[Huet, Daniel Théodore (2)]
HUET (Daniel Théodore) (2), geb. te Vlissingen 16 Aug. 1790, overl. te 's Gravenh., 15 Febr. 1874, oudste zoon van Samuel Théodore H. en Jacoba Adriana Busken (kol. 247) studeerde theologie aan de Leidsche Hoogeschool van 1808 tot 1812, werd 19 Sept. 1813 bij de Waalsche kerk van Breda beroepen, waar hij ruim 6 jaar bleef; 9 April deed hij zijne intrede in de kerk te Middelburg. Vervolgens ging hij naar Rotterdam (10 Nov. 1822), nam er gedurende 34 jaar den dienst waar, totdat hij 1 Juli 1856 emeritus werd. Hij maakte deel uit van verschillende wetenschappelijke genootschappen.
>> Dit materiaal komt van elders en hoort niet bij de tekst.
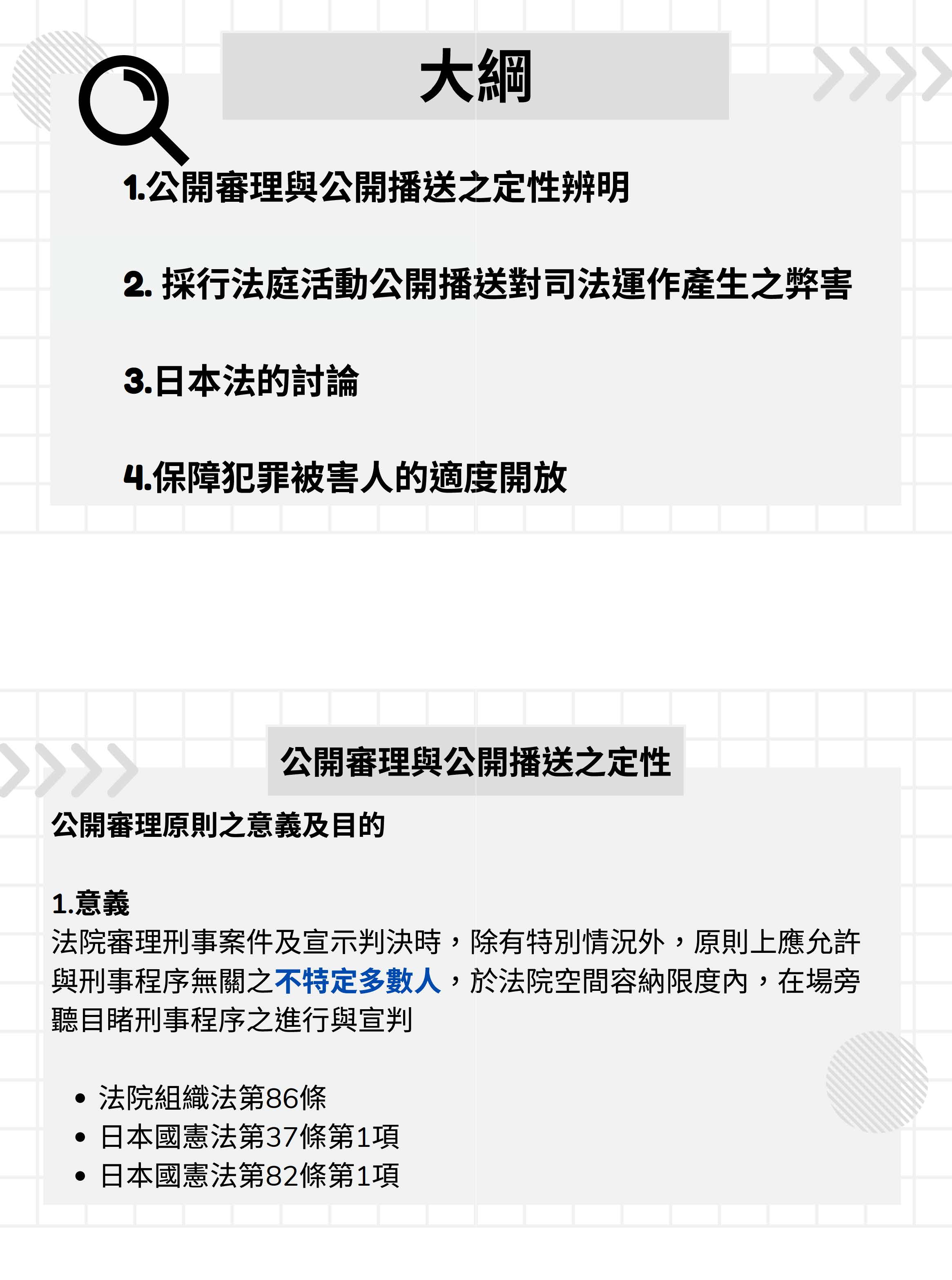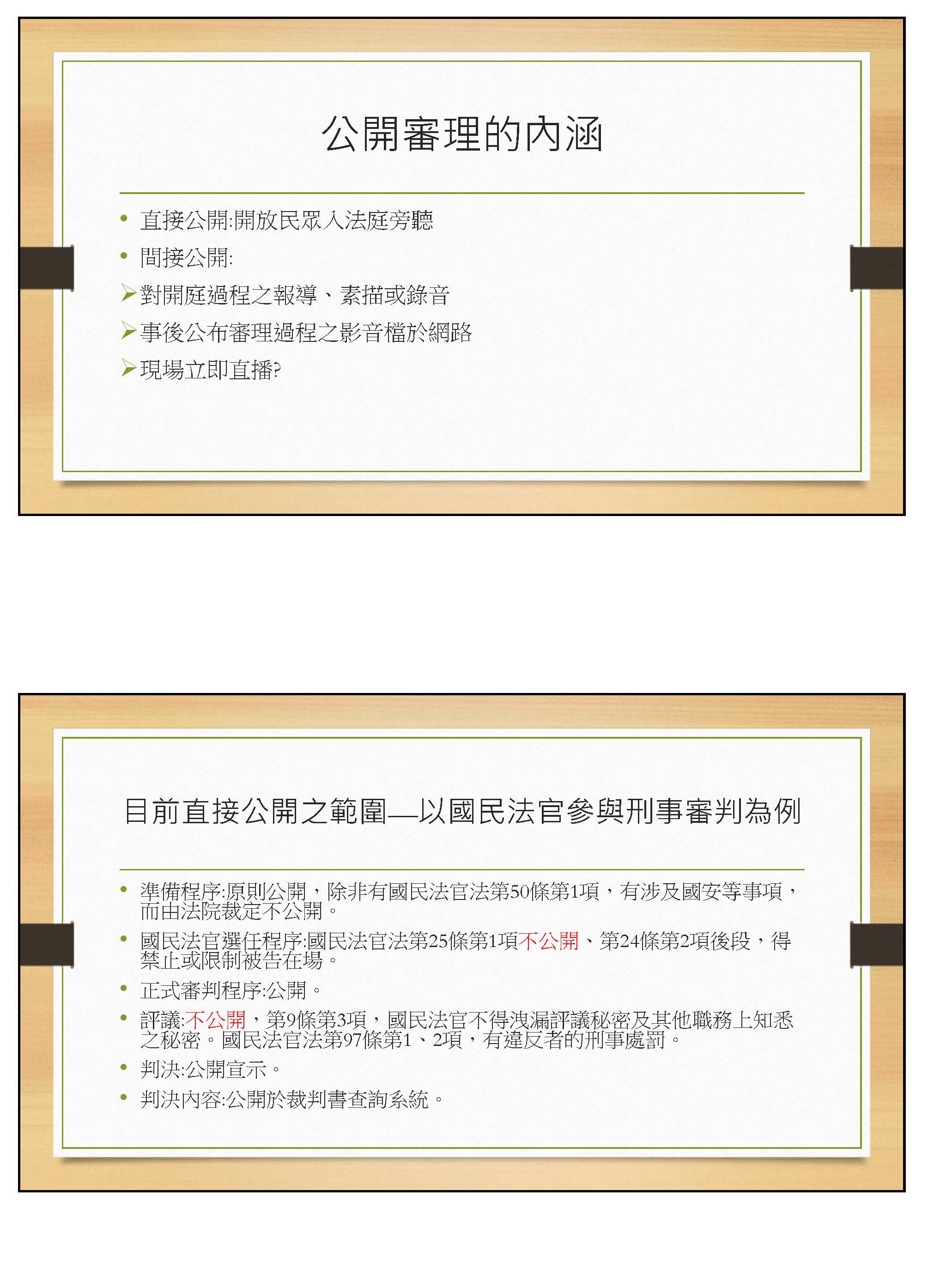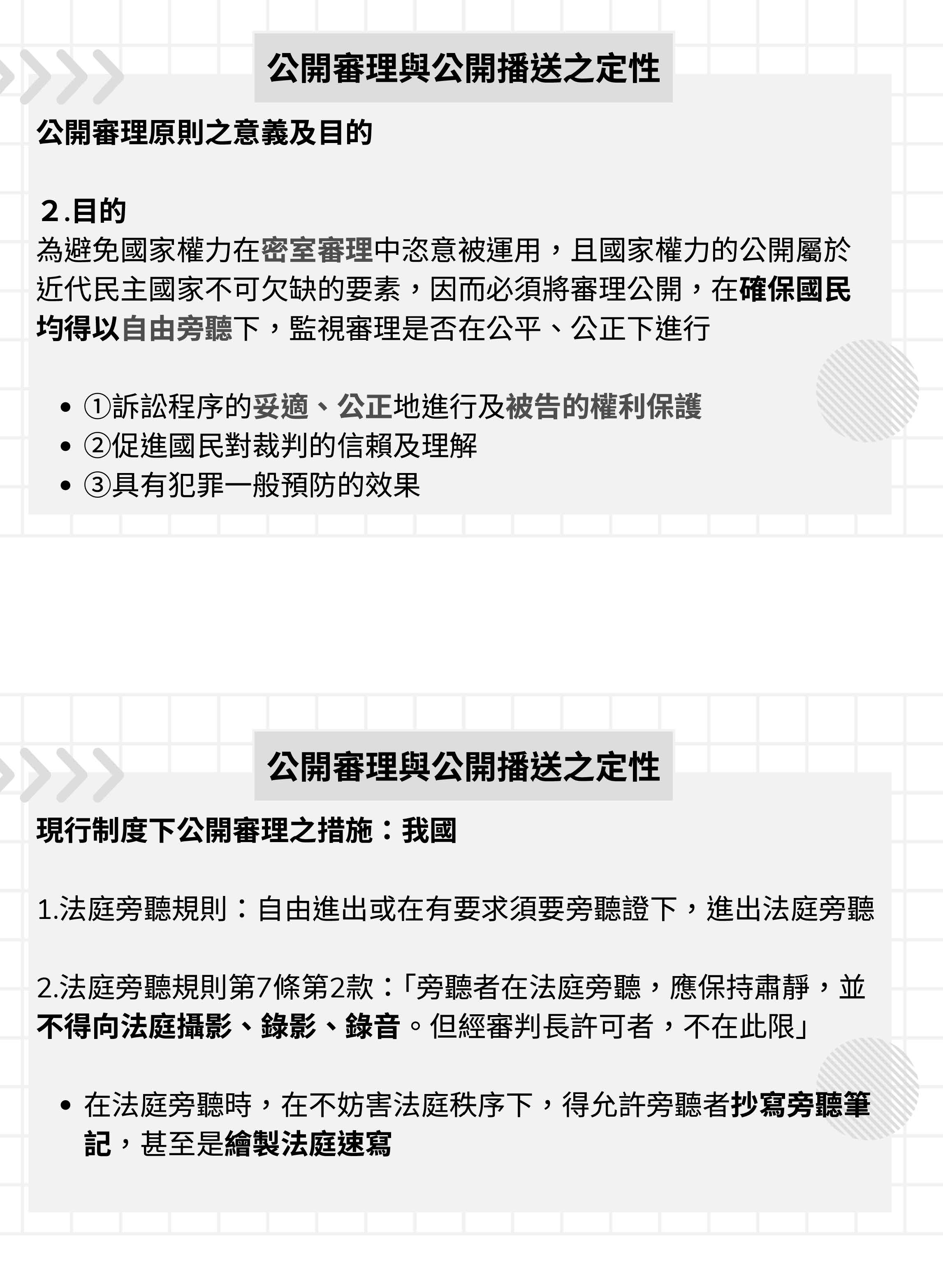 1.公開審理之內涵是否包含法庭活動公開播送?
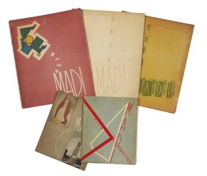 [REVUE].– [KOSICE (Gyula)] Arte madi universal. Buenos Aires, 1948-1952 [oct. 1948 (n° 2), oct. 1949 (n° 3) oct. 1950 (n° 4) oct. 1951 (n° 5) et oct. 1952 (n° 6)]. 2 fascicules in-8 (23 x 18,7 cm) et 3 fascicules in-4 (31 x 25,8 cm), brochés,...
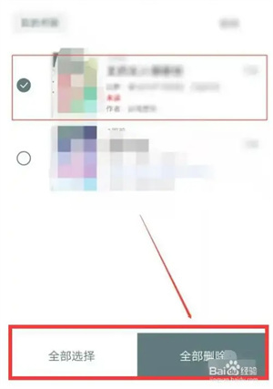 按照图中的指引,先把要删除的书籍勾选上,接着点击“全部删除”按钮,这样就能完成删除操作了。
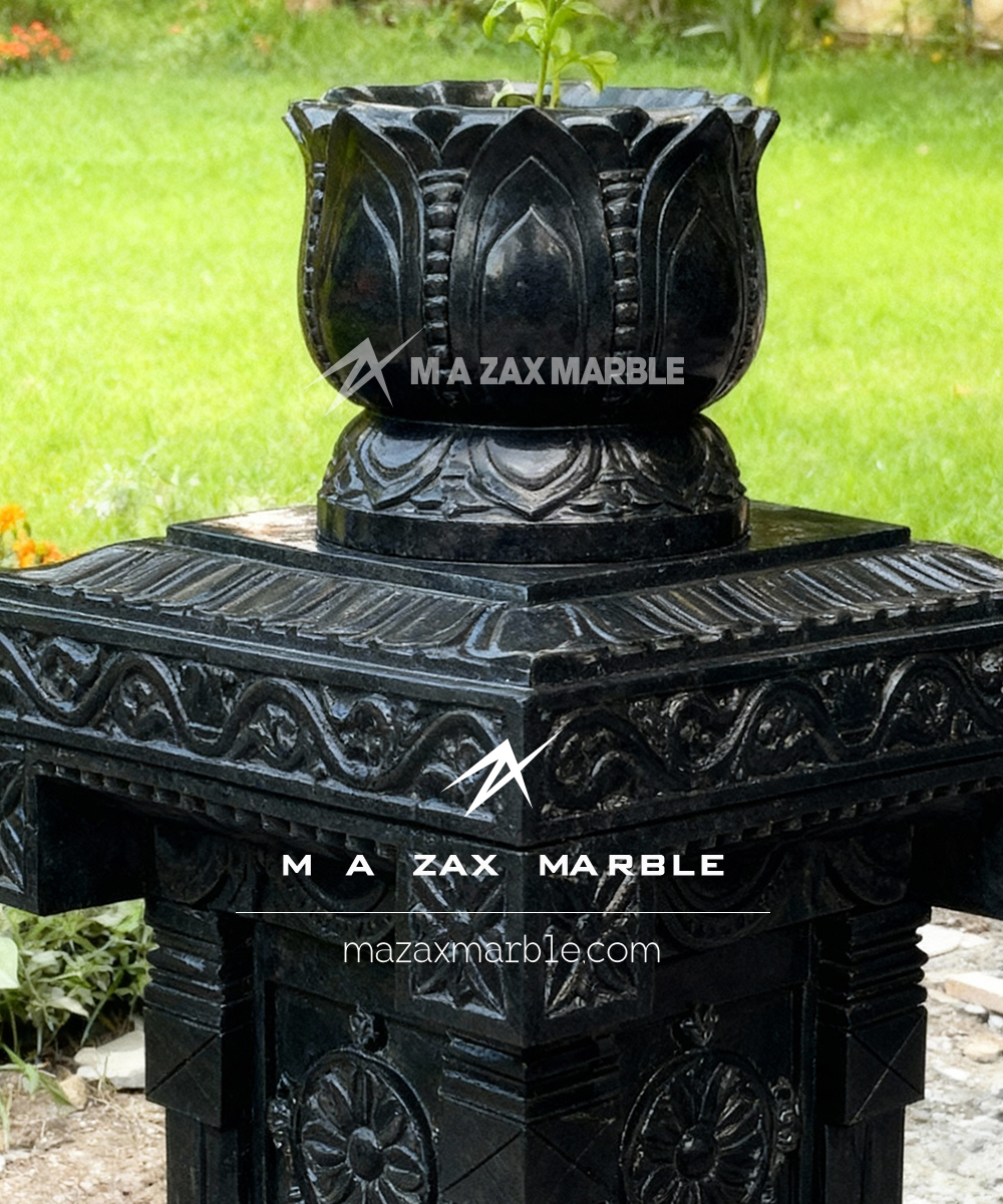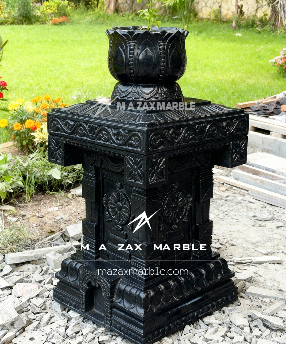 Presenting our Handcrafted Baslana Black Stone Tulsi Vrindavan — a stunning lotus-bowl design carved with deep traditional motifs.
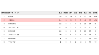 今シーズンのリーグ成績は、11勝2敗1分、勝ち点34、得点46、失点18、得失点差+28という成績で、四国リーグ参入から13シーズン目にして最高の2位を収めることができました。
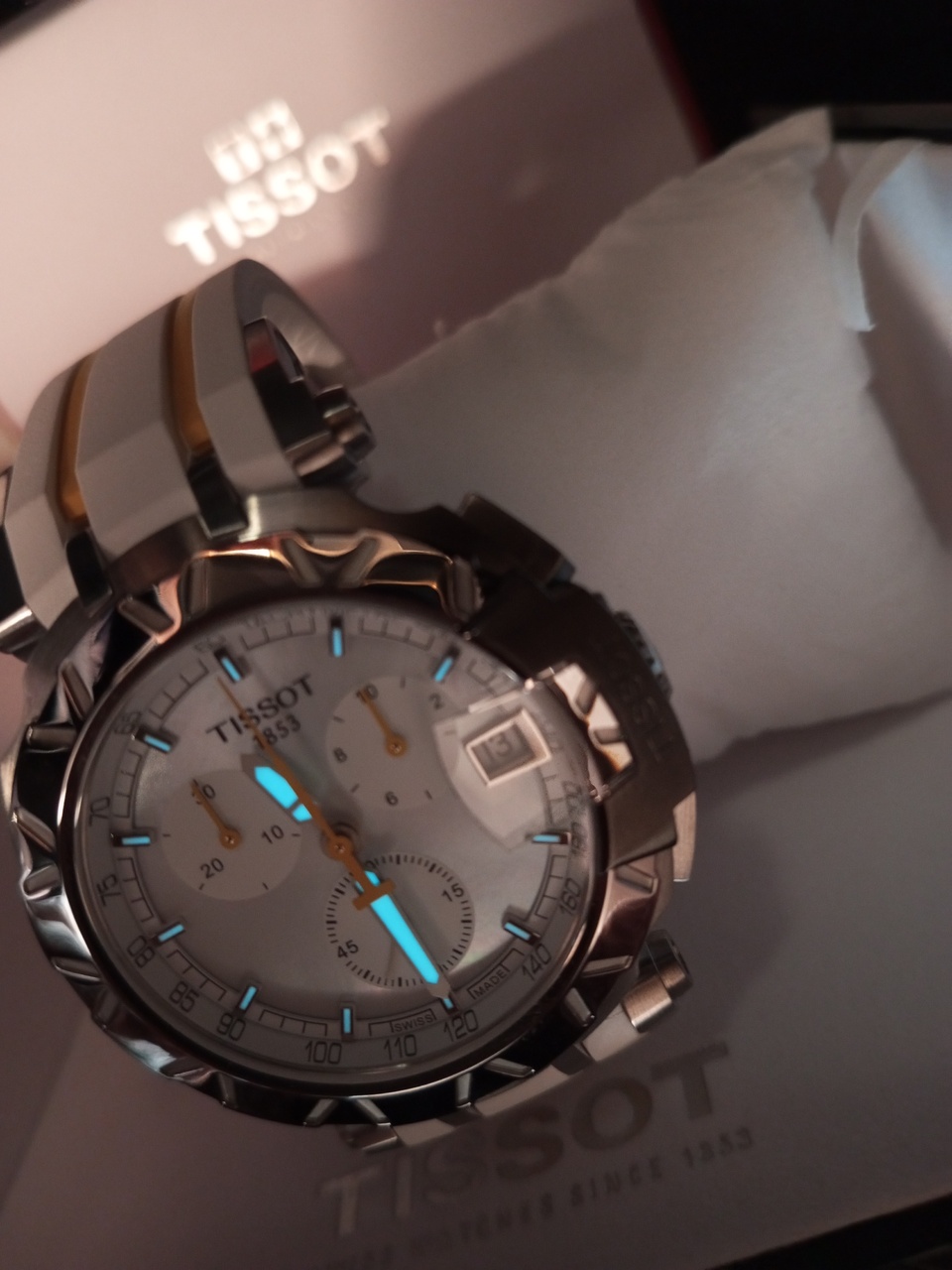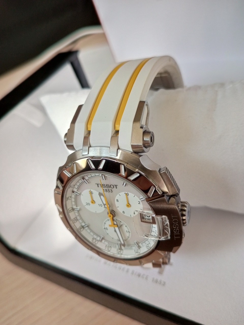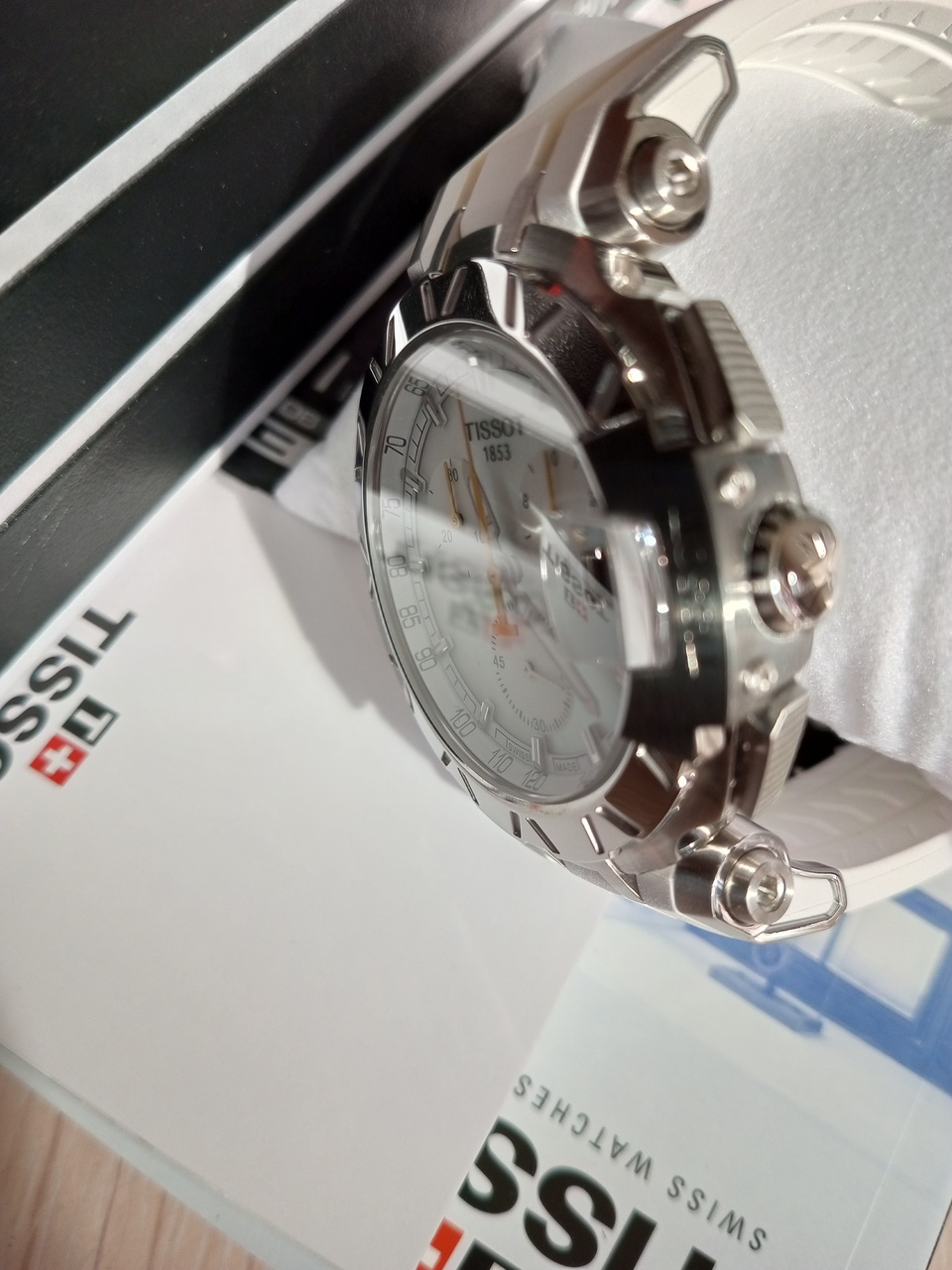 Продам абсолютно новые часы в плёнках, хронограф в нержавеющей стали с водозащитой 100 м (10bar), сапфировое стекло, каучуковый ремень, Сталь с PVD покрытием, размер корпуса 45.3 мм, 30-минутный счетчик и счетчик десятых долей секунд, центральная 60-секундная стрелка хронографа, суммарный и сплит-хронограф. Мужской спортивный хронограф, малая секундная стрелка в положении 6 часов, окошко даты в положении 3 часа, тахиметрическая шкала. Функции: Хронограф, дата, тахиметр

Werken: Eerste en tweede viertal Leerredenen, (Rott. 1830 en 1836); Verhandeling over de duurzaamheid van het Protestantismus (1832); Sermons (Rott. 1841); Sermons de circonstance (Rott. 1848); Verschillende brochures over theologische en letterkundige onderwerpen.
Zie: Haag, La France protestante i.v.; J.T. Bergman, Levensschets van Dan. Theod. Huet (1874); K.J.R. van Harderwijk, Naamlijst en levensbijzonderheden der Predikanten enz. te Rotterdam, 142; Dagblad van Zuid- Holland en 's Gravenh., van 18 Febr. 1874 no. 41; Stemmen voor Waarheid en Vrede, Boekz. April 1874, 515; De Teekenen des Tijds 1859, no. 17; Liste des Egl. Wall. et des pasteurs qui les ont desservies. 14, 50, 57.